Слушать его было занимательно, я задавала вопрос за вопросом, и скоро неловкость моя улетучилась. Я чувствовала себя так, словно мы с ним знакомы уже тысячу лет, словно неравенство нашего положения и разница в жизненном опыте не имеют почти никакого значения.

— Не сомневаюсь, до тебя дошли слухи, что я привез с собой из итальянских странствий личного отравителя, — сказал вдруг лорд Роберт, и тут между нами пробежала тень и наш приятный разговор прервался.

— Говорят, эти итальянцы большие доки по части ядов, — небрежно добавил он.

Я принялась разубеждать его, заверять, что никогда не слышала, чтобы он держал при себе отравителя из Италии, но затем замолчала. Мне не хотелось лгать лорду Роберту.

— О вас ходят ужасные слухи, Ваша Светлость, — призналась я, — но, хочу вас уверить, мне они кажутся полной ерундой. И еще я не верю, что вы виновны в гибели вашей жены.

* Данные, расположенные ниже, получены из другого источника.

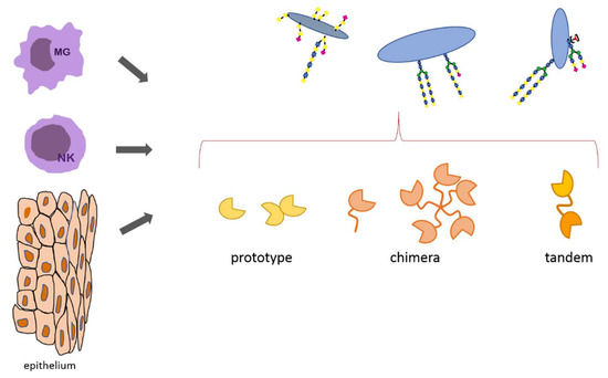 Siglecs belong to the superfamily known as sialic acid specific immunoglobulin-like lectins. They are transmembrane receptors expressed in numerous subpopulations of immune cells. Extracellular CRD recognizes sialic acid, a crucial monosaccharide that terminates oligosaccharides of mammal N- and O-glycoproteins (Figure 6). For this reason, siglecs are considered self-associated molecular pattern (SAMP) receptors and Siglec–Neu5Ac interaction as a physiological mechanism that prevents over-activation of the immune system [67,68,103]. Tumor cells may exploit Neu5Ac/Siglec interaction for modulation of immune cell function, supporting an immunosuppressive tumor microenvironment [113]. The human genome includes 14 genes coding the proteins belonging to the siglecs family. Regarding their evolution, siglecs can be divided into two subgroups. Group 1 includes highly conservative siglecs 1, 2, 4, and 15. Their orthologs can be found in all groups of mammals. Group 2 is referred to as CD-33-related and comprises human siglecs 3, 5–11, 14, and 16. These proteins had been subjected to rapid evolution, and therefore the repertoire of their representatives expressed in different mammals is also diversified. Group 1 siglecs are considered the inhibitory receptors. They contain an intracellular ITIM (immunoreceptor-tyrosine based inhibitors motif) or similar (ITIM-like) domain. When bound to sialoglycans, these receptors transmit an intracellular signal that blocks the synthesis of pro-inflammatory cytokines and activation of the immune system. Inhibition of Toll-like receptors (TLRs) is also involved in this signaling pathway [113,114,115,116].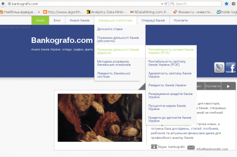 Второй источник — гораздо доступнее. А именно, сайт bankografo.com. Наводим курсор на раздел «Банківська статистика» -> «Показники діяльності банка (відносні)» — > ROA, Адекватність капіталу. Рисунок 1:

— Благодарю тебя, — просто ответил он.

Мы посмотрели друг на друга, и, клянусь Богом, я почувствовала, что переживаю особый миг своей жизни. Никогда раньше ни один мужчина или юноша так не смотрел на меня, а я — на него. Мы были открыты друг другу и полны взаимного доверия, не испорченного ни плотским вожделением, ни расчетом, — по крайней мере так это было с моей стороны. Мы молчали, но это молчание не было неловким.

Наконец я тихо сказала:

— А теперь мне, с вашего разрешения, нужно забрать гобелены, — и потянулась к ближайшей из корзин.

— Да-да, конечно. Мы все должны плясать под дудочку нашей королевы.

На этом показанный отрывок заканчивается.